To make things more complicated, you play the role of a “guardian spirit” that bonded to Kalas, and is thus always with him. This involves you more directly in the story but without breaking the fourth wall, as characters will not only directly address you by name, but occasionally ask you for a response. Sometimes this works, and other times it feels a bit jarring. The setting of floating islands paves the way for some great design by the developers and some interesting locations. An entire land made from islands floating among the clouds with winged inhabitants sounds pretty intriguing in itself but that’s nothing compared to a fairytale inspired village made of confectionary. There is even a dungeon that serves as an homage to classic pixelated masterpieces such as Namco’s own Pacman. There were obviously some very creative minds at work on this game and it shows.

Or perhaps eccentric is the word. The game introduces a few radical ideas, some of which work, some of which don’t. The ideas that occupy the middle ground here include interesting side quests and a card based battle system (before you hardened JRPG veterans recoil in horror, it works surprisingly well). The side quests are interesting, although they are few and far between. Some of those you receive last the duration of the game. Highlights include collecting star constellations for display on a church roof and gathering a dying man’s extremely large extended family. As for the card battles, card games themselves are not overly popular except with a specific demographic, which lessens the game’s appeal to a broad audience; simply put, many people won‘t appreciate using cards to fight, although there’s not much to separate it from many Final Fantasy games in how much control you ultimately have over your character. This shouldn’t take anything away from the game, as Baten Kaitos combat is mostly simple and quite engaging.

Since card games are based on a great deal of luck however, the lack of control over your allies during battles can be made more frustrating, particularly during some very tense boss fights. Paying attention to the cards you have been dealt at least mitigates the time you spend watching long, drawn-out cut scenes during battle, as your character moves to attack while you are still selecting more cards to use. This means battles are not quite the slow, grinding chore they can be in other turn-based games. You also need to think quickly, as you have limited time to pick cards before your enemies physically attack you. However, you can customise your deck in the inventory screens like you would equipment in any other turn-based JRPG, so as long as you are well prepared, most enemies other than bosses shouldn’t pose a huge problem.

There is elemental damage infused in certain offensive cards, as well as special attacks.
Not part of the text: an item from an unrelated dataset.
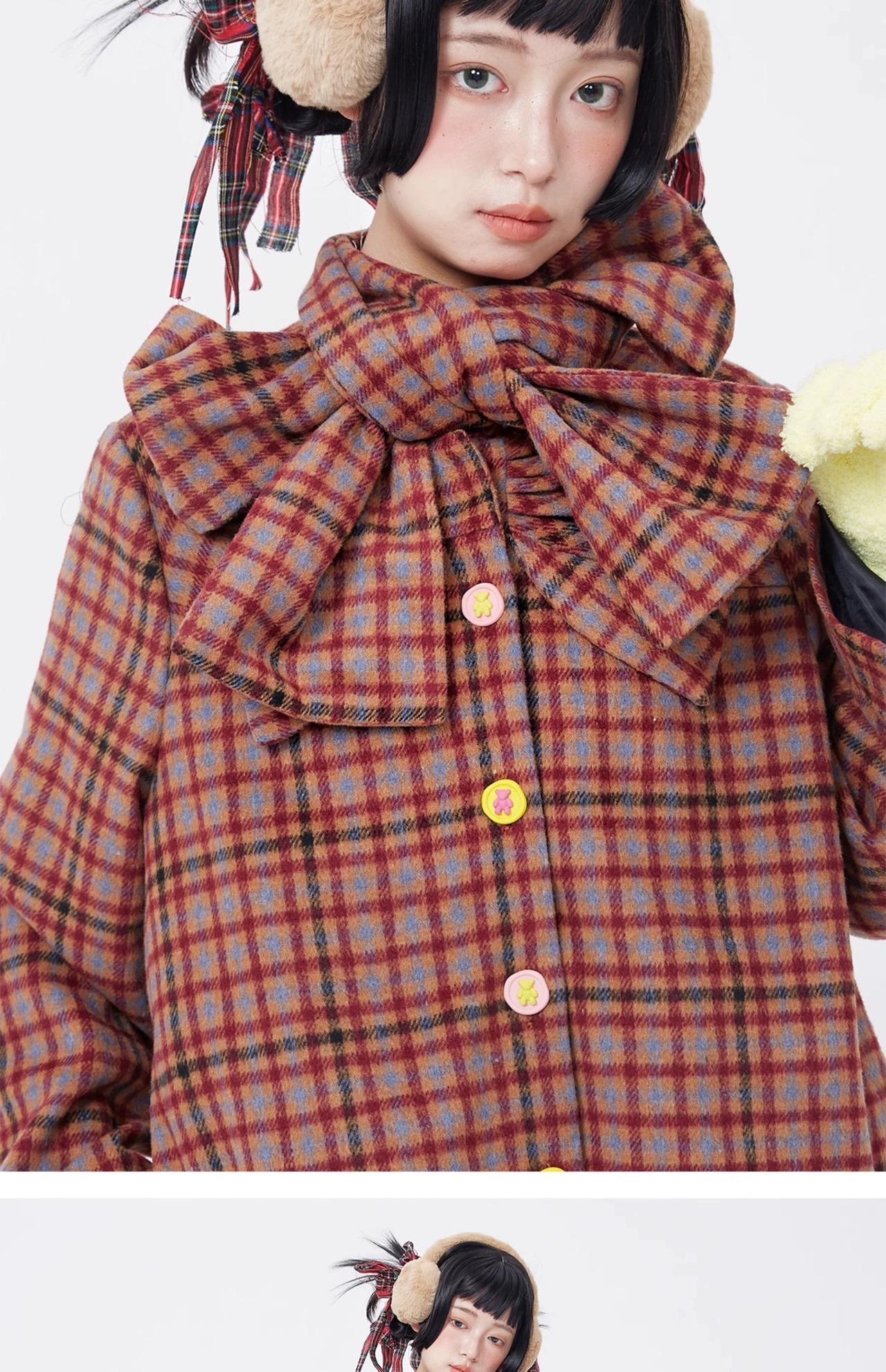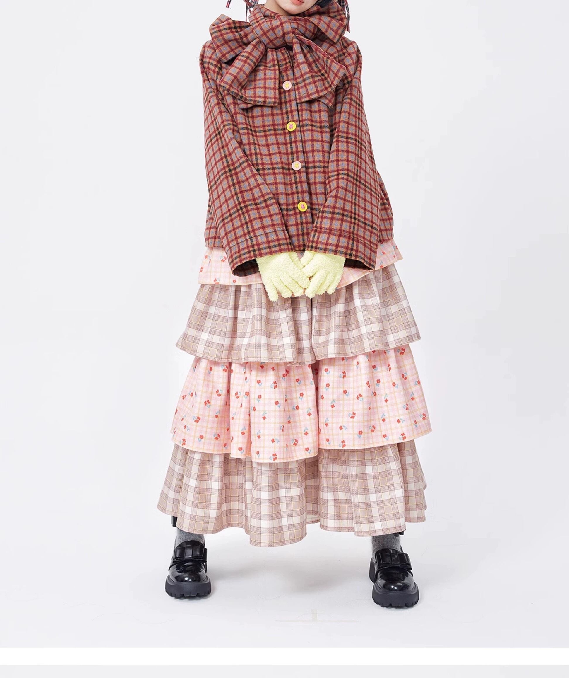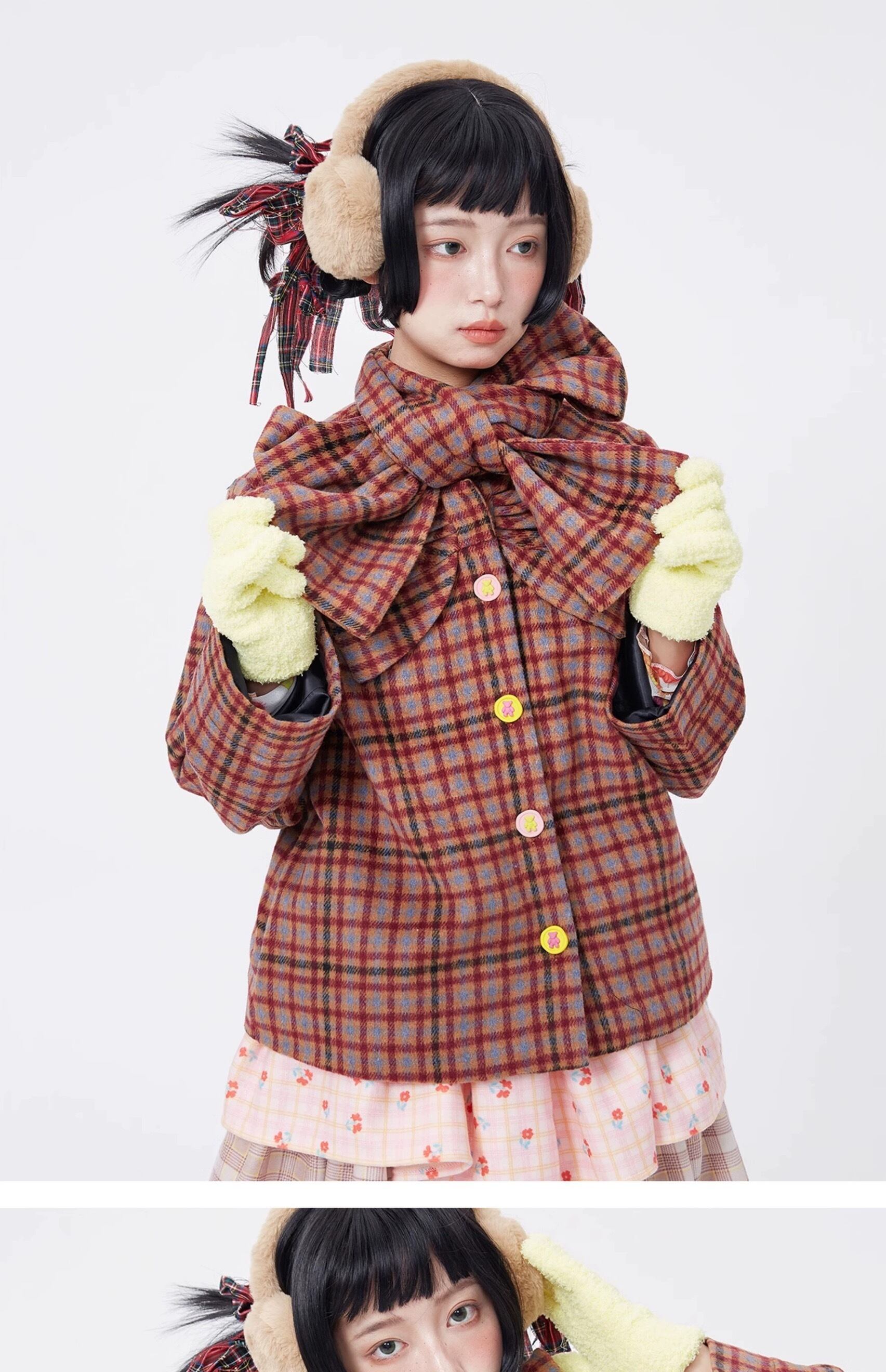 ジャケット アウター カーディガン チェックガーリー コート アウター 茶色 赤 黄色

Oddly, unlike traditional water-beats-fire elemental systems in JRPG’s, elements beat those that are directly opposite to them i.e. light beats dark but dark, in turn, also beats light. This increases the strategic element and makes it all the more satisfying when you land a good combo of elemental hits on a foe weak to that type and finish with a special move. There is one strategic idea linked to the use of cards that is quite confusing though, and the game never really adequately explains it. Each card has a number in the corner, and stringing together combinations of numbers nets you bonus damage. That part is easy enough. Where is gets confusing is there are over a hundred unique combos to discover by using certain items in battle along with weapons and armour in a particular order. The game never tells you what these items are or what order they should be used in and, in theory, you could have fun discovering this, but the combination of items appear random and the game never really encourages you to find out. Sometimes you’ll do it by accident, which just increases the sense of frustration.

On the plus side, the special attacks are fun to watch and the dark elemental specials look particularly stunning when unleashed. Cards do play a reasonably important part in the plot (which the game refers to as ‘Magnus’). Five special cards called “End Magnus” when brought together, are what releases the dark god that forms the main antagonist later in the game. But even more importantly, what is truly innovative about cards is that they are used in-game to store items.

Not only are all healing items and equipment stored on Magnus, but special quest items. You can store up to five items at a time, and these, as well as regular cards, can change depending on the circumstances. This means that your fruit can rot, water become stagnant etc. and quite literally this brings an extra dimension to the gameplay. This change also affects their use in battle. What used to be a healing item such as an apple, becomes a good means of poisoning your enemy once it has rotted, although quite how hurling raw pork ribs or blackened bananas at your enemy causes them decent damage is a mystery. There are no monetary rewards for finishing battles in Baten Kaitos, which is instead earned by placing a camera in your deck and taking photos of monsters. This can sometimes up the ante in boss fights, as you will want a photo of the boss to sell for a significantly high price, but will need to spend a character’s turn doing so. One of the more frustrating decisions made by the developer was to only allow levelling up from churches. These are located in towns far from dungeons, so if you aren’t careful, you can end up going into dungeons weaker than you intended.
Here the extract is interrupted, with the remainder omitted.